• _What you have to do_: Reproduce exactly only the lines from the line that holds "Condition: Cover with" to the line that holds "138131 - KICHLY", inclusive, in the listing below, and please leave out every picture.

• _Material shown_:
________________________
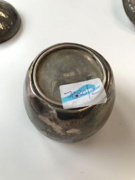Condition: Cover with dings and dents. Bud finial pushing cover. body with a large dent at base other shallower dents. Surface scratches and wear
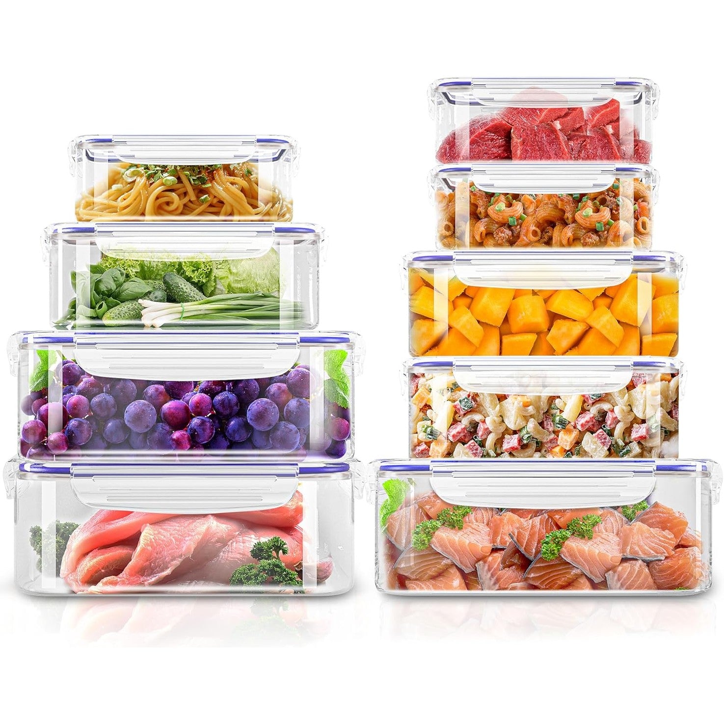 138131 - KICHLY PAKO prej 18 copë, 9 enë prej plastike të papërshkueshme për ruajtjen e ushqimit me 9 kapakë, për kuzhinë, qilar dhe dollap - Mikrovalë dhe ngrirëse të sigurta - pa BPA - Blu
________________________
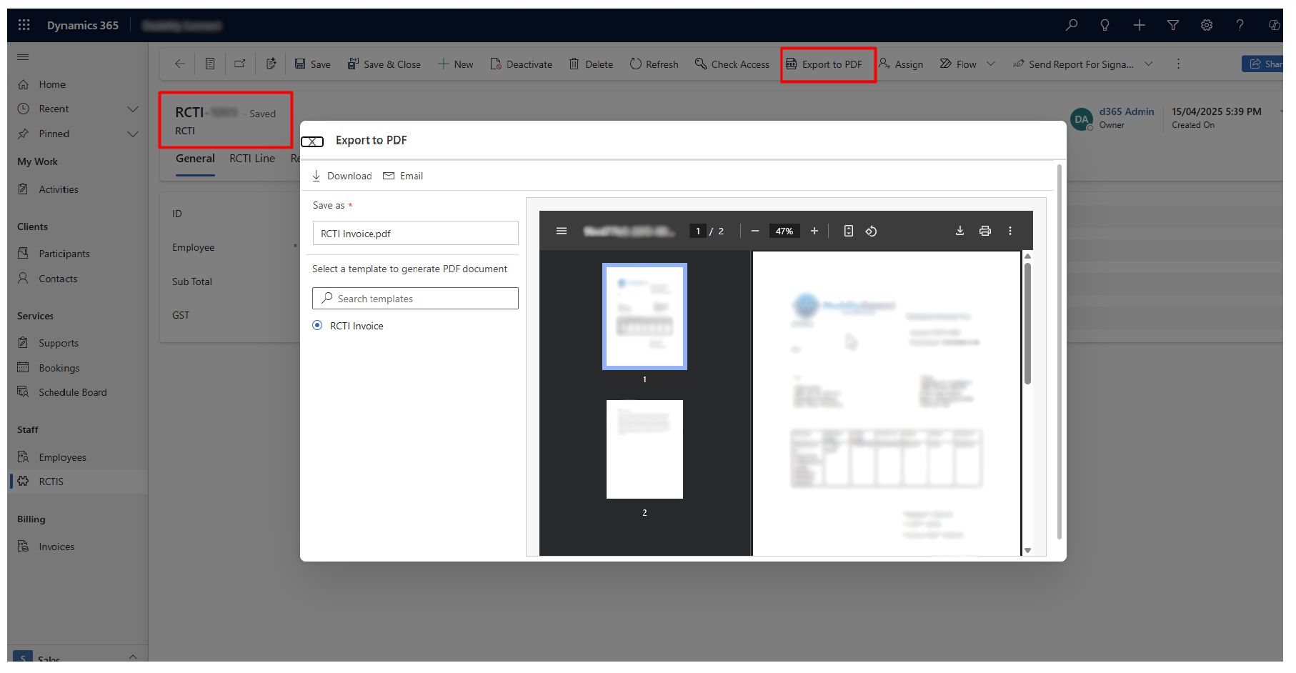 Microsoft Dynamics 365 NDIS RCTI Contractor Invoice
________________________
• _Problem solution_:
Condition: Cover with dings and dents. Bud finial pushing cover. body with a large dent at base other shallower dents. Surface scratches and wear
 138131 - KICHLY PAKO prej 18 copë, 9 enë prej plastike të papërshkueshme për ruajtjen e ushqimit me 9 kapakë, për kuzhinë, qilar dhe dollap - Mikrovalë dhe ngrirëse të sigurta - pa BPA - Blu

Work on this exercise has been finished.